Spark2.x(六十):在Structured Streaming流处理中是如何查找kafka的DataSourceProvider?

本章节根据源代码分析Spark Structured Streaming(Spark2.4)在进行DataSourceProvider查找的流程,首先,我们看下读取流数据源kafka的代码:

        SparkSession sparkSession = SparkSession.builder().getOrCreate();
        Dataset<Row> sourceDataset = sparkSession.readStream().format("kafka").option("xxx", "xxx").load();

sparkSession.readStream()返回的对象是DataSourceReader

DataSourceReader(https://github.com/apache/spark/blob/branch-2.4/sql/core/src/main/scala/org/apache/spark/sql/streaming/DataStreamReader.scala),其中上边代码中的load()方法,正是DataSourceReader的方法。

format参数kafka在DataSourceReader中作为source属性:

@InterfaceStability.Evolving
final class DataStreamReader private[sql](sparkSession: SparkSession) extends Logging {
  /**
   * Specifies the input data source format.
   *
   * @since 2.0.0
   */
  def format(source: String): DataStreamReader = {
    this.source = source
    this
  }
。。
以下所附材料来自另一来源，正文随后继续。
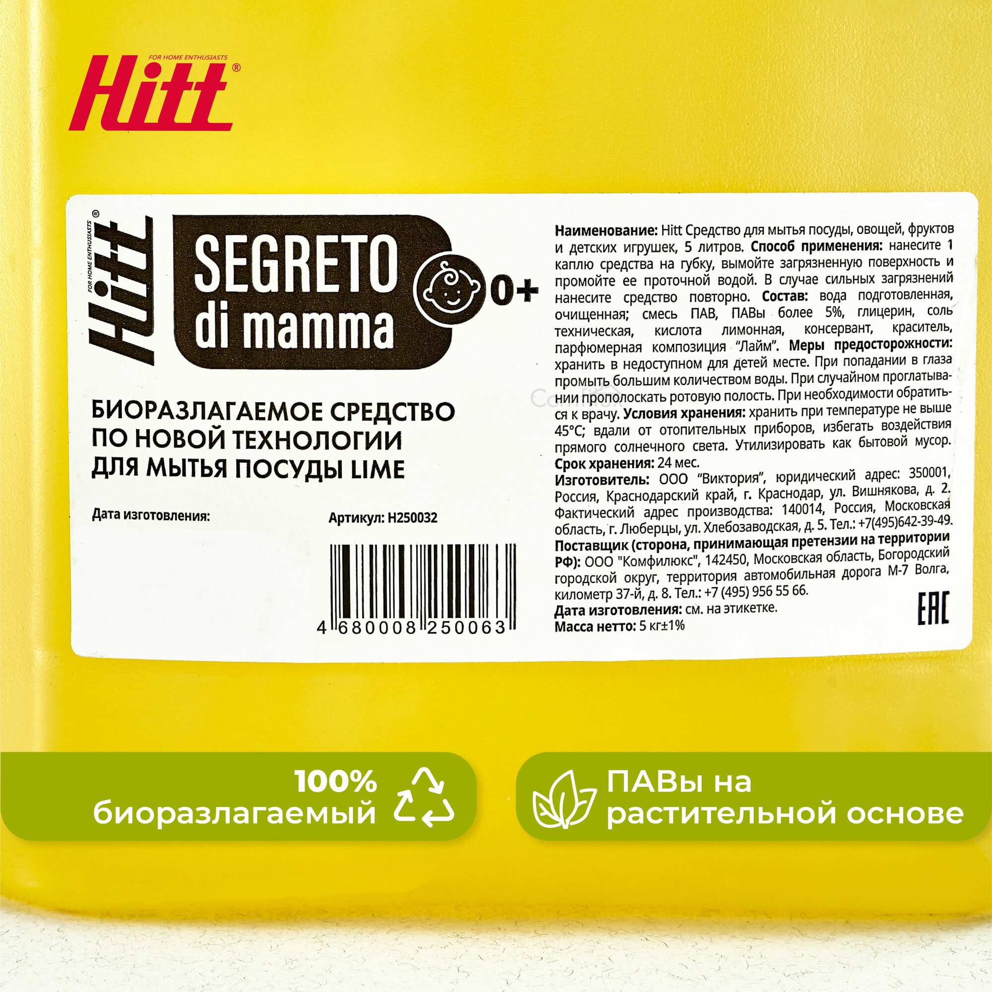 Купить Средство для мытья посуды Hitt Segreto Di Mamma для овощей и фруктов, детских игрушек, биоразлагаемое, лайм, 5 л

。
}

DataSourceReader#format(source:String)中参数往往是csv/text/json/jdbc/kafka/console/socket等

DataSourceReader#load()方法

  /**
   * Loads input data stream in as a `DataFrame`, for data streams that don‘t require a path
   * (e.g. external key-value stores).
   *
   * @since 2.0.0
   */
  def load(): DataFrame = {
    if (source.toLowerCase(Locale.ROOT) == DDLUtils.HIVE_PROVIDER) {
      throw new AnalysisException("Hive data source can only be used with tables, you can not " +
        "read files of Hive data source directly.")
    }

    val ds = DataSource.lookupDataSource(source, sparkSession.sqlContext.conf).newInstance()
    // We need to generate the V1 data source so we can pass it to the V2 relation as a shim.
    // We can‘t be sure at this point whether we‘ll actually want to use V2, since we don‘t know the
    // writer or whether the query is continuous.
    val v1DataSource = DataSource(
      sparkSession,
      userSpecifiedSchema = userSpecifiedSchema,
      className = source,
      options = extraOptions.toMap)
    val v1Relation = ds match {
      case _: StreamSourceProvider => Some(StreamingRelation(v1DataSource))
      case _ => None
    }
    ds match {
      case s: MicroBatchReadSupport =>
        val sessionOptions = DataSourceV2Utils.extractSessionConfigs(
          ds = s, conf = sparkSession.sessionState.conf)
        val options = sessionOptions ++ extraOptions
        val dataSourceOptions = new DataSourceOptions(options.asJava)
        var tempReader: MicroBatchReader = null
        val schema = try {
          tempReader = s.createMicroBatchReader(
            Optional.ofNullable(userSpecifiedSchema.orNull),
            Utils.createTempDir(namePrefix = s"temporaryReader").getCanonicalPath,
            dataSourceOptions)
          tempReader.readSchema()
        } finally {
          // Stop tempReader to avoid side-effect thing
          if (tempReader != null) {
            tempReader.stop()
            tempReader = null
          }
        }
        Dataset.ofRows(
          sparkSession,
          StreamingRelationV2(
            s, source, options,
            schema.toAttributes, v1Relation)(sparkSession))
      case s: ContinuousReadSupport =>
        val sessionOptions = DataSourceV2Utils.extractSessionConfigs(
          ds = s, conf = sparkSession.sessionState.conf)
        val options = sessionOptions ++ extraOptions
        val dataSourceOptions = new DataSourceOptions(options.asJava)
        val tempReader = s.createContinuousReader(
          Optional.ofNullable(userSpecifiedSchema.orNull),
          Utils.createTempDir(namePrefix = s"temporaryReader").getCanonicalPath,
          dataSourceOptions)
        Dataset.ofRows(
          sparkSession,
          StreamingRelationV2(
            s, source, options,
            tempReader.readSchema().toAttributes, v1Relation)(sparkSession))
      case _ =>
        // Code path for data source v1.
        Dataset.ofRows(sparkSession, StreamingRelation(v1DataSource))
    }
  }

val ds=DataSoruce.lookupDataSource(source ,….).newInstance()用到了该source变量,要想知道ds是什么(Dataset还是其他),需要查看DataSource.lookupDataSource(source,。。。)方法实现。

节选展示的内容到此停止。